Please transcribe exactly, and only, the lines of the data below between the line holding "Se la ponemos" and the line holding "Rasmussen visiting the", inclusive.

═════ Source data

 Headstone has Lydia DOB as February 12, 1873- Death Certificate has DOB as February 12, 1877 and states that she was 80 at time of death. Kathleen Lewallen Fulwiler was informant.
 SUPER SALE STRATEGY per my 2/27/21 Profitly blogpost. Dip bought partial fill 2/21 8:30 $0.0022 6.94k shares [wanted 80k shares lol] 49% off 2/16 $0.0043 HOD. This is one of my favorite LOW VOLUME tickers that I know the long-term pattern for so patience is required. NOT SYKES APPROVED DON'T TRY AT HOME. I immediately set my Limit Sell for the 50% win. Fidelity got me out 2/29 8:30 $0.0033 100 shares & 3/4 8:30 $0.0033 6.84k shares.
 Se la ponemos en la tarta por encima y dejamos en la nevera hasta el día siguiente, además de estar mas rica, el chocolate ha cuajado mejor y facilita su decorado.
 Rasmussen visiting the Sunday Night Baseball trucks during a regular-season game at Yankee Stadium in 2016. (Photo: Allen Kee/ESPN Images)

══════════
═════ Source data

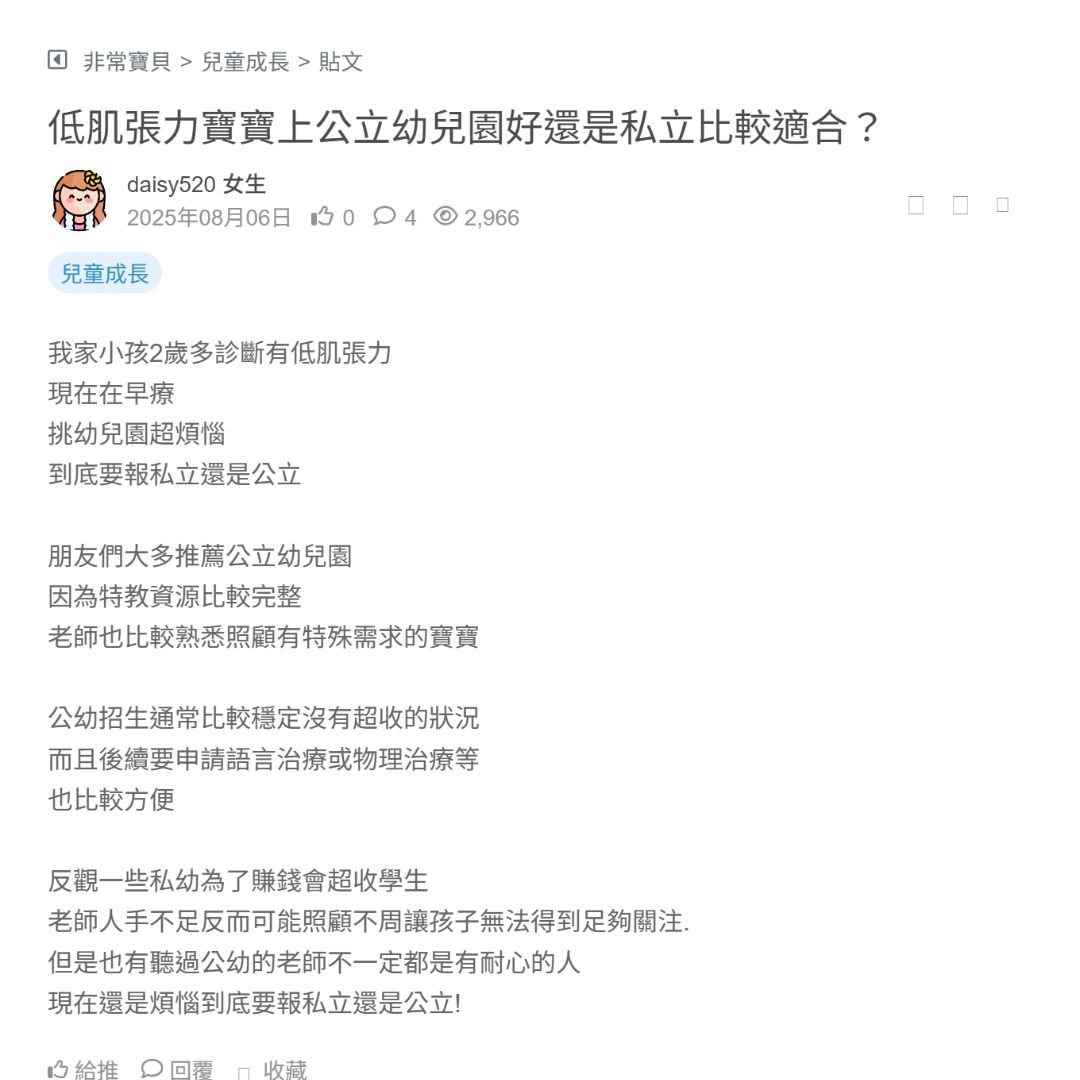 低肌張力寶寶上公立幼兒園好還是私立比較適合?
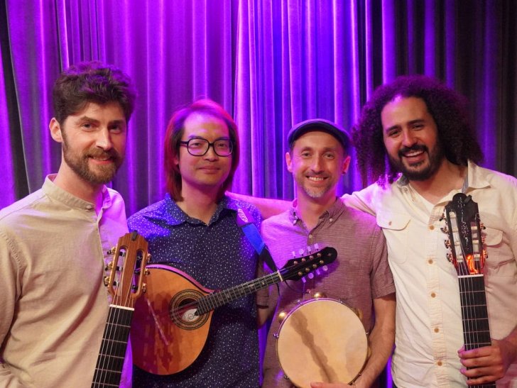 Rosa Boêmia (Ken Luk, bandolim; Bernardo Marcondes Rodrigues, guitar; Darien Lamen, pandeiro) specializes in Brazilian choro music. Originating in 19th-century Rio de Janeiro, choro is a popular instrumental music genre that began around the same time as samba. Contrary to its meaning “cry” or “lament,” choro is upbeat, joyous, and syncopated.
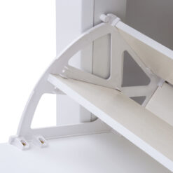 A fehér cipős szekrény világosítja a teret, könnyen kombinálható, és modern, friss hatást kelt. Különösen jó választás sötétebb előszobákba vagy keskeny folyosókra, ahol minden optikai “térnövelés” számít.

══════════

◆ Written solution ◆
 Se la ponemos en la tarta por encima y dejamos en la nevera hasta el día siguiente, además de estar mas rica, el chocolate ha cuajado mejor y facilita su decorado.
 Rasmussen visiting the Sunday Night Baseball trucks during a regular-season game at Yankee Stadium in 2016. (Photo: Allen Kee/ESPN Images)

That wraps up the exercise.